%%

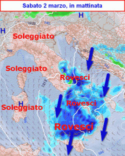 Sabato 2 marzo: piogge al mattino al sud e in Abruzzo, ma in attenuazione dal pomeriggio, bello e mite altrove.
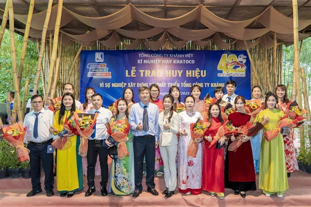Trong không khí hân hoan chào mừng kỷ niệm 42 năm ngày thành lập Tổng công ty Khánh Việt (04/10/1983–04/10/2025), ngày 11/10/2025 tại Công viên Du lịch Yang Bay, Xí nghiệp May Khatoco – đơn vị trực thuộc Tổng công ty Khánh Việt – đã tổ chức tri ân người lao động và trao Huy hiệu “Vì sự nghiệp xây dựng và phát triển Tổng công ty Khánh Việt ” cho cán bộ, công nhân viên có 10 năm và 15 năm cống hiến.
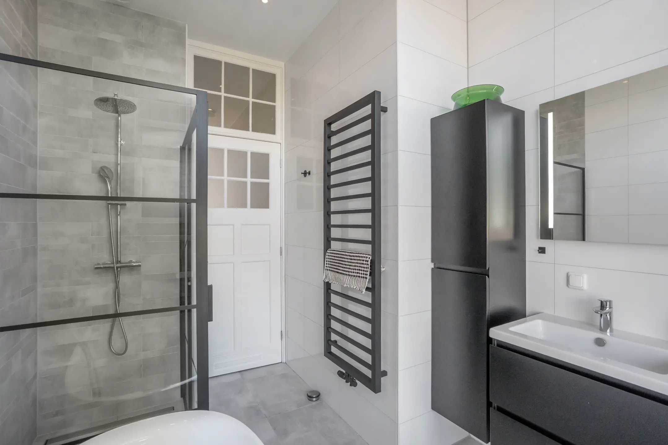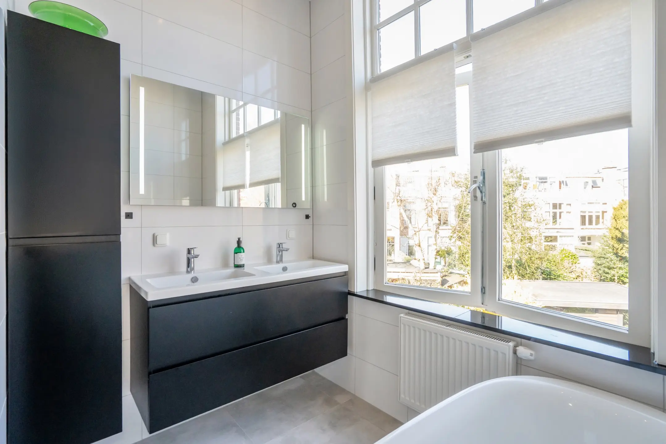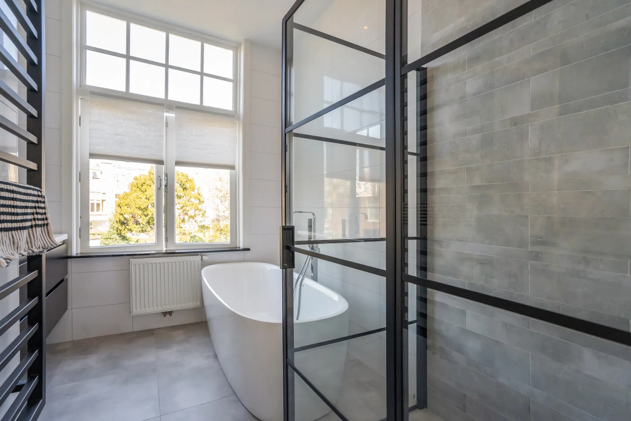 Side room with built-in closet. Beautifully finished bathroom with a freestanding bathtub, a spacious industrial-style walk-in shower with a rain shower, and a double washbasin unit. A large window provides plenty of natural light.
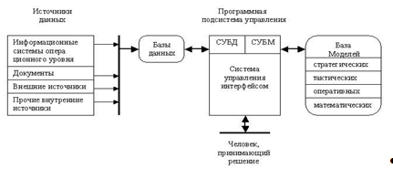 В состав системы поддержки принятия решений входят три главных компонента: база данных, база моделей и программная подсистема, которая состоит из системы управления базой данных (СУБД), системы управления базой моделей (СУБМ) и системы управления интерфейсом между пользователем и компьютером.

%%
%%

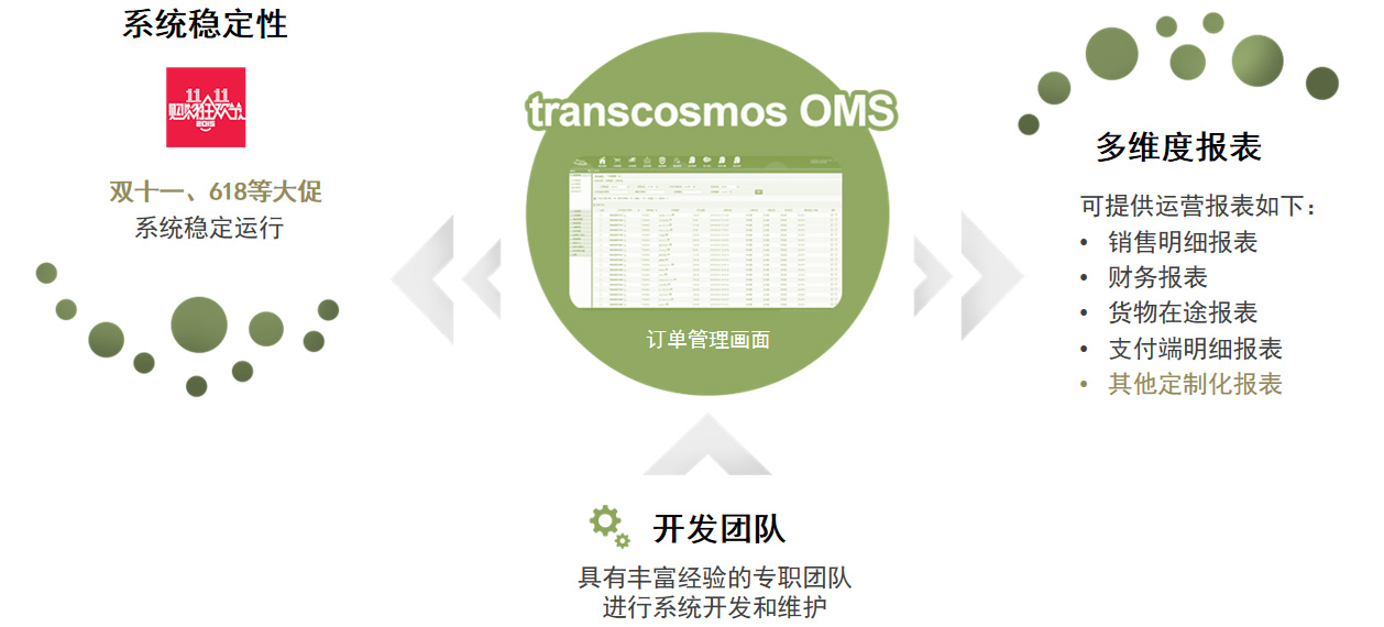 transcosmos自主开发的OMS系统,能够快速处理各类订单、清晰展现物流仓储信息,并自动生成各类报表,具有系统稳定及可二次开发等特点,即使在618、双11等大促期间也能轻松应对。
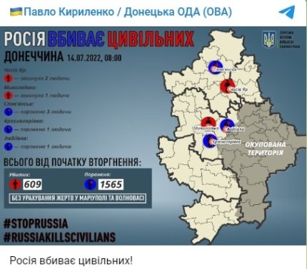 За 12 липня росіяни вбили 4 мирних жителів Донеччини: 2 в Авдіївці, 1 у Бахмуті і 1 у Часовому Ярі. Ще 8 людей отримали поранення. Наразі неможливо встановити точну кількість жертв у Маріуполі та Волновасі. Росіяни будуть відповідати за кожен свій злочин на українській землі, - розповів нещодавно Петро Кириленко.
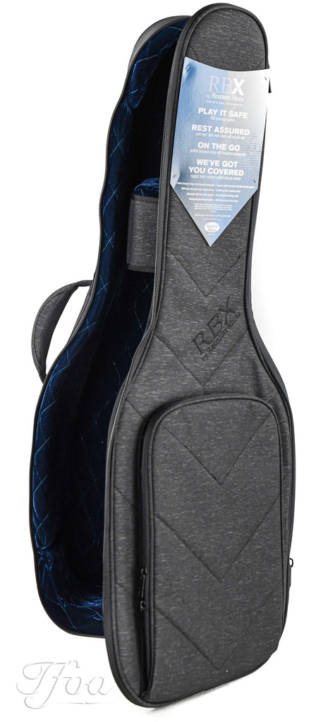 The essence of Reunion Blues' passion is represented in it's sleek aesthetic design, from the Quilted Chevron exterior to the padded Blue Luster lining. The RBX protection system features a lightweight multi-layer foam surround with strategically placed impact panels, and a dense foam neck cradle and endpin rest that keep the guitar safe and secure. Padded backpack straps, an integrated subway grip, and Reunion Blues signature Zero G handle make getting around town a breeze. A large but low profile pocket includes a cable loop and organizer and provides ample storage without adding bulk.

%%

Requirement:
Reproduce, word for word, only the lines in the records above from the line with "Sabato 2 marzo: piogge" through the line with "В состав системы", including both ends; omit the pictures.

Solution for this task:
 Sabato 2 marzo: piogge al mattino al sud e in Abruzzo, ma in attenuazione dal pomeriggio, bello e mite altrove.
Trong không khí hân hoan chào mừng kỷ niệm 42 năm ngày thành lập Tổng công ty Khánh Việt (04/10/1983–04/10/2025), ngày 11/10/2025 tại Công viên Du lịch Yang Bay, Xí nghiệp May Khatoco – đơn vị trực thuộc Tổng công ty Khánh Việt – đã tổ chức tri ân người lao động và trao Huy hiệu “Vì sự nghiệp xây dựng và phát triển Tổng công ty Khánh Việt ” cho cán bộ, công nhân viên có 10 năm và 15 năm cống hiến.
 Side room with built-in closet. Beautifully finished bathroom with a freestanding bathtub, a spacious industrial-style walk-in shower with a rain shower, and a double washbasin unit. A large window provides plenty of natural light.
 В состав системы поддержки принятия решений входят три главных компонента: база данных, база моделей и программная подсистема, которая состоит из системы управления базой данных (СУБД), системы управления базой моделей (СУБМ) и системы управления интерфейсом между пользователем и компьютером.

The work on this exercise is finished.